Of course, to reduce network latency, I connected to one of our EC2 instances on the same Amazon Area (i.e. US).
[hgomez@xxxx ~]$ ab -c 50 -n 10000 -k -H 'Accept-Encoding:gzip, deflate' http://exo-qa-perftest.elasticbeanstalk.com/PerfMeter?waittime=-1\&responsesize=10240
This is ApacheBench, Version 2.0.40-dev <$Revision: 1.146 $> apache-2.0
Copyright 1996 Adam Twiss, Zeus Technology Ltd, http://www.zeustech.net/
Copyright 2006 The Apache Software Foundation, http://www.apache.org/
Benchmarking exo-qa-perftest.elasticbeanstalk.com (be patient)
Completed 1000 requests
Completed 2000 requests
Completed 3000 requests
Completed 4000 requests
Completed 5000 requests
Completed 6000 requests
Completed 7000 requests
Completed 8000 requests
Completed 9000 requests
Finished 10000 requests
Server Software: Apache-Coyote/1.1
Server Hostname: exo-qa-perftest.elasticbeanstalk.com
Server Port: 80
Document Path: /PerfMeter?waittime=-1&responsesize=10240
Document Length: 10240 bytes
Concurrency Level: 50
Time taken for tests: 12.81536 seconds
Complete requests: 10000
Failed requests: 0
Write errors: 0
Keep-Alive requests: 1909
Total transferred: 104139566 bytes
HTML transferred: 102651967 bytes
Requests per second: 827.71 [#/sec] (mean)

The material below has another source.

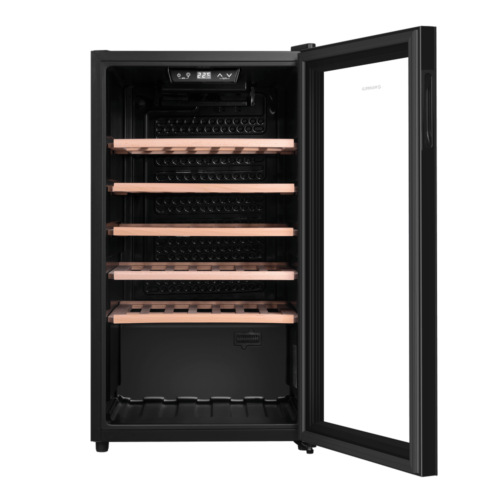 Шкаф вмещает до 56 бутылок и поддерживает температурный диапазон от +5 до +20 °C, что позволяет хранить красные, белые и игристые вина в оптимальных условиях. Такой режим способствует не только сохранности напитков, но и их дозреванию, раскрытию вкуса и аромата.

Time per request: 60.408 [ms] (mean)
Time per request: 1.208 [ms] (mean, across all concurrent requests)
Transfer rate: 8417.64 [Kbytes/sec] received
Connection Times (ms)
min mean[+/-sd] median max
Connect: 0 2 7.3 1 83
Processing: 3 57 41.2 53 1433
Waiting: 2 39 37.5 33 1429
Total: 3 59 41.9 55 1434
Percentage of the requests served within a certain time (ms)
100% 1434 (longest request)
CPU / Networks loads reflect the load test:
Elastic Beanstalk performed pretty well, and scaled automatically, as reported by events status:
2 micro instances were reported by the EC2 control panel for my application:
On the HTTP side
- The load-balancing system didn’t use HTTPd/jk, but instead used Amazon Load Balancing, Server Software reporting as Apache-Coyote/1.1 (i.e. Apache Tomcat HTTP stack).
- The bad news: gzip compression is not enabled by default on HTTPConnector (easy to fix in server.xml).
My first tour through Elastic Beanstalk showed a solid Java application platform for the cloud, loaded with many features:
- Simple configuration
- Good monitoring features
- Nice load-balancing, with support for SSL
- Rich auto-scaling
- Native S3/RDS support
And of course, you should be able connect to this EC2 instance using SSH KeyPair.
I’m looking forward to investigating Elastic Beanstalk further, both to understand how it works under the hood, and to learn how to customize it for eXo’s purposes.